The Advent Desert


A repost from last year about the figure of St. John the Baptist and the desert.

The second Sunday of Advent presents to us the figure of St. John the Baptist as the ‘voice’ which cries out in the desert. It is a solitary voice. However John knows that he is the one who prepares the way and continues with this certitude.In the Year of Faith opening Mass homily, Pope Benedict spoke of the “desertification” of the world, and of the rampant godlessness that surrounds us. “But it is in starting from the experience of this desert, from this void, that we can again discover the joy of believing, its vital importance for us, men and women. In the desert we rediscover the value of what is essential for living; thus in today’s world there are innumerable signs, often expressed implicitly or negatively, of the thirst for God, for the ultimate meaning of life. And in the desert people of faith are needed who, with their own lives, point out the way to the Promised Land and keep hope alive,” he said. The desert the Pope wishes for us is not a barren place, but rather a place of peacefulness, separated from the wild overindulgence of the rest of the world so that we can allow our hearts to become still and readied for Christ’s birth.


Over these days, I have been invited to reflect on the experience of the desert in my own life. Slowly, I am coming to realise that God can use our weakness as easily as our strength in order to accomplish His will. Much can be said about the desert experience. Often we can become bogged down with our solitude because it is actually loneliness and not necessarily ‘aloneness’. It can be hard to be alone and to know that we are alone. After sin, aloneness is no longer an experience only of solitude but also of deprivation. The human companionship which in the divine plan was the answer to man’s aloneness no longer suffices. Suffering too can be a desert experience, feeling alone and helpless, cut off from others who cannot know how much we suffer. Pain is often God’s megaphone. He whispers to us in our joys, speaks to us in our conscience, shouts to us in our pain. We can admit our poverty and recognise the gentle but firm love that waits, the joy that is seeking him precisely because pain can only seek love or death. It is the promise that the tears are not forever and that pain will be exchanged for joy. Our love, God-given though it may be, is usually mixed up with possessiveness and selfishness. It needs strengthening and purifying and the desert is the place where this can happen. You know the saying "you can run from the world, even run from the devil, but you can never run from yourself." And it’s interesting to note that the best stranger we can meet in life is one’s self. When God is first in our hearts, all other loves are in order and find their rightful place. Like a skilled surgeon, God may have to hurt us, but He will never harm us. There is only one way forward, that of acceptance. Acceptance where we can turn loneliness into solitude and solitude into prayer.

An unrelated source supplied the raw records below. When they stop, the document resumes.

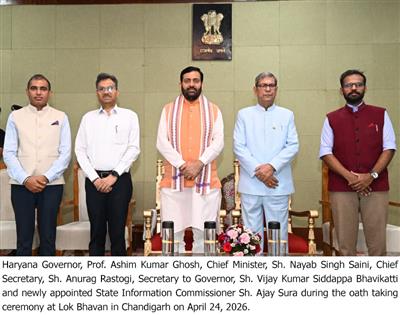 Haryana Governor, Prof. Ashim Kumar Ghosh, Chief Minister, Sh. Nayab Singh Saini, Chief Secretary, Sh. Anurag Rastogi, Secretary to Governor, Sh. Vijay Kumar Siddappa Bhavikatti and newly appointed State Information Commissioner Sh. Ajay Sura during the oath taking ceremony at Lok Bhavan in Chandigarh on April 24, 2026.
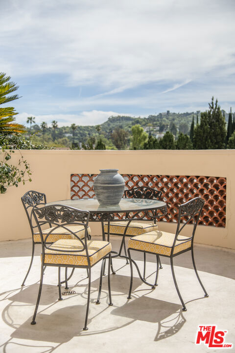 Townhouse-style Mediterranean residence offering three levels of beautifully crafted living, crowned by a private rooftop patio with sweeping mountain views. Though technically a condo, the layout and design live like a true townhouse, delivering both privacy and architectural presence.A dramatic entry opens to a light-filled living room featuring a fireplace, rich hardwood floors, and striking wood-beamed ceilings. An elegant curved staircase anchors the space, leading seamlessly into the open-concept dining area and kitchen, complete with breakfast counter and stainless steel appliances. A powder room finishes the main level.Upstairs, a circular landing leads to two secondary bedrooms with coved ceilings and a full bath, along with a spacious primary suite offering a walk-in closet and en-suite bath.The third level presents a versatile family room or potential third bedroom, with a dedicated laundry area and ample storage. This level opens directly to the rooftop patioan ideal setting for entertaining or unwinding against a backdrop of mountain vistas.Ideally located just off Ventura Boulevard, moments from coffee shops, restaurants, and retail. Additional amenities include a well-managed HOA with earthquake insurance and two-car parking in a secure subterranean garage.
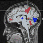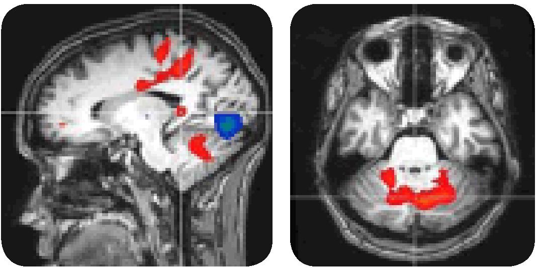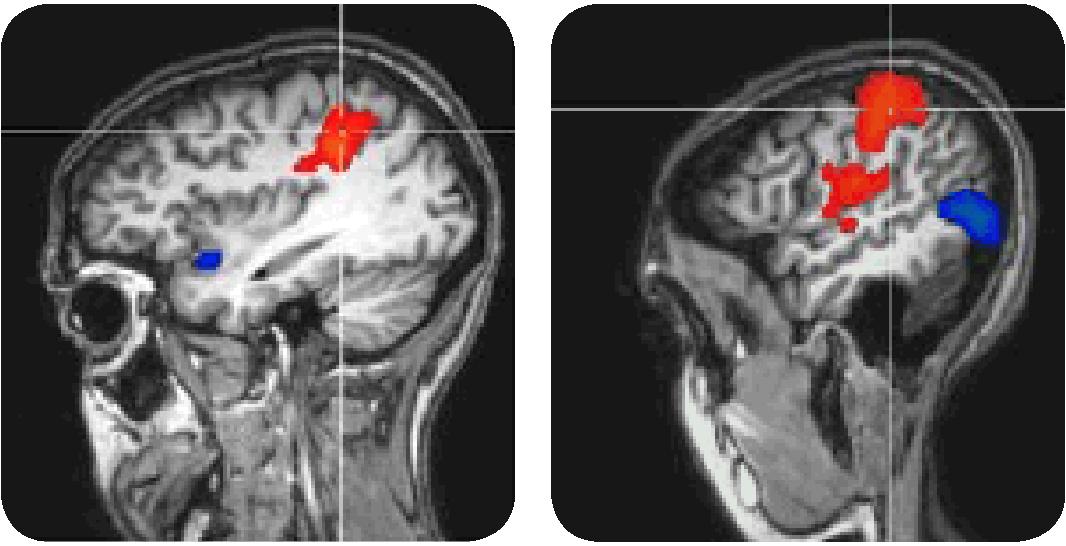 Примечание: красная область на фотографиях представляет кровоток, более насыщенный кислородом (соответственно, более активированный), вызванный физической рекламой. Синие зоны – это области, более активированные виртуальной рекламой. На эти области мозга указывают "перекрестья".

During Advent, we long for his coming, and our hearts feel empty as we move through the desert weeks before Christmas. It’s in this void that we can regain the joyfulness of our faith and rediscover the only thing that truly matters — God. As Pope Benedict XVI pointed out, we must become people of hope, and through our own living and examples, point the way to the Promised Land. What better time than Advent to exemplify and embody hope in the Resurrection and lead others to the promised land of heaven?

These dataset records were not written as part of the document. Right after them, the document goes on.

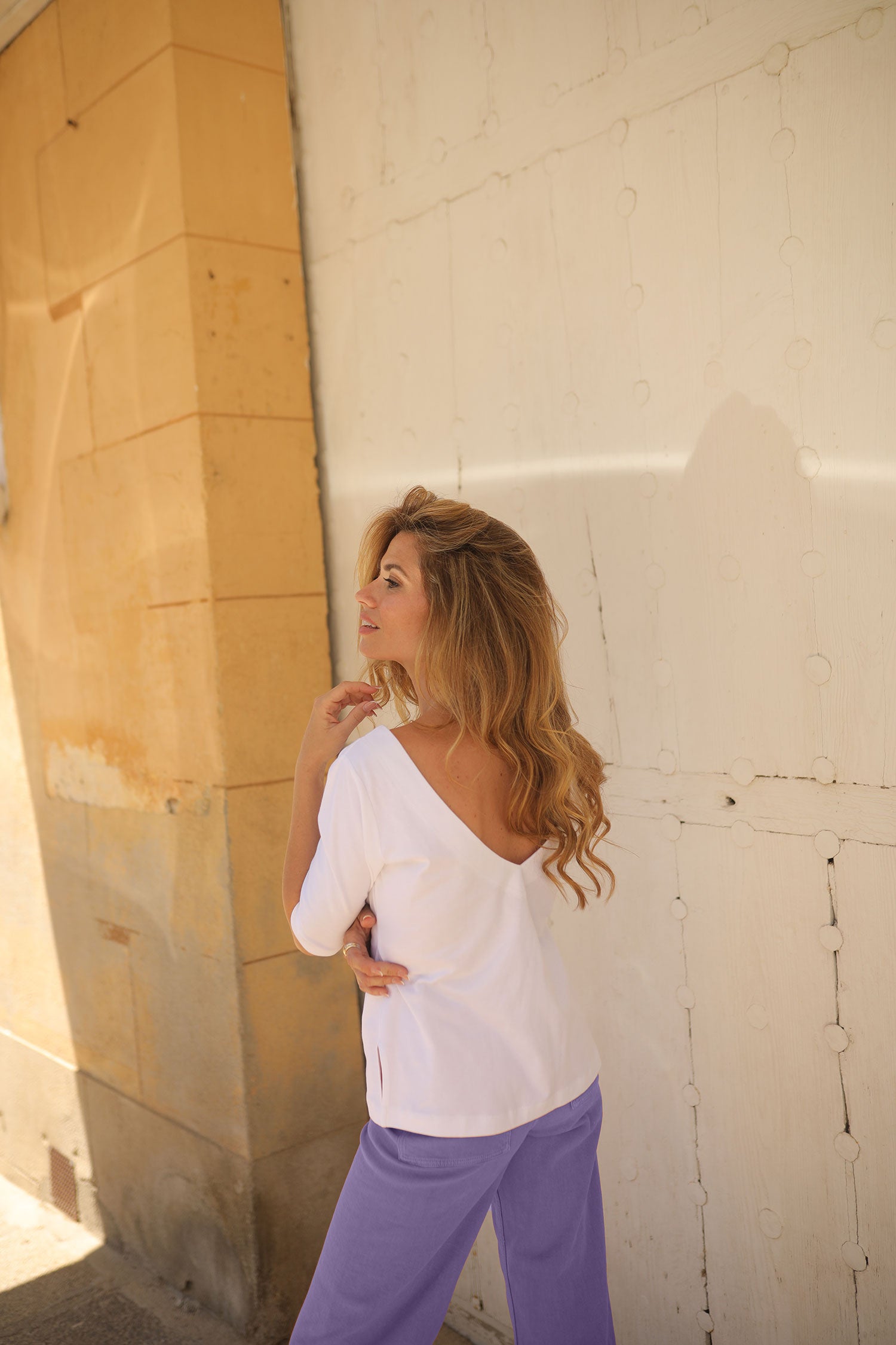 Canali, gondole, maschere e spaghetti, sì, è Venecia! This three-quarter sleeve tee has a boat neck inspired by gondoliers but an open back line in a low-cut V shape.
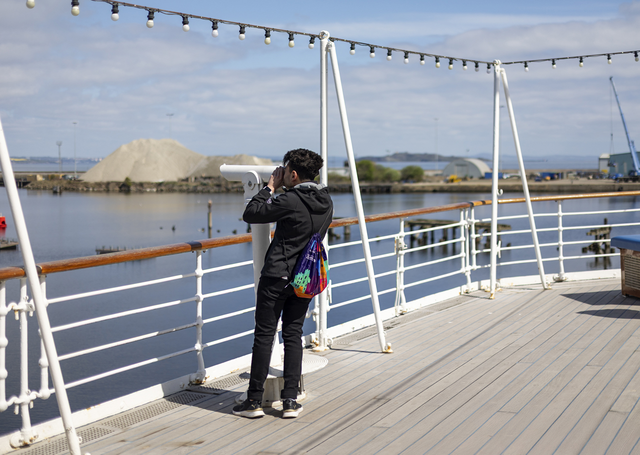 Enjoying a sunny day aboard Britannia, a visitor admires the gorgeous views across the Firth of Forth from the Verandah Deck.
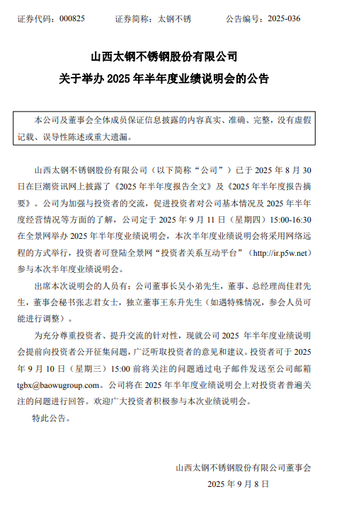 (來源:山西太鋼不銹鋼股份有限公司關于舉辦2025年半年度業績說明會的公告)
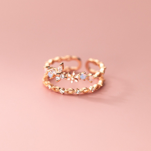 s925 sterling silver double doublelayer layered adjustable ring ring

One of my favorite verses in the Bible can be found in Song of Songs 8:5, in which we see God’s ultimate purpose in bringing those whom He loves into the desert. In this particular book, we read as follows: "Who is this coming up from the desert, leaning upon her lover?" Moses entered the burning crucible of the desert confident, self-reliant, and wholly self-assured. He entered that desert full of self with his will intact, and his dependence completely on himself. By the time he was through in that desert, he came out trusting in his God, living for his God, and leaning on his God. May we too yield our lives to Christ in that same desert.  May God’s grace be upon us in our appointed seasons in the desert, that we might yield and be completely transformed by the power of His Holy Spirit. May we emerge from the wilderness so completely transformed by Heaven that those around us, even our closest friends and relatives, will scarcely recognize us, and will say to one another, "Who is this? Who is this coming up from the desert....... leaning on her Lover?"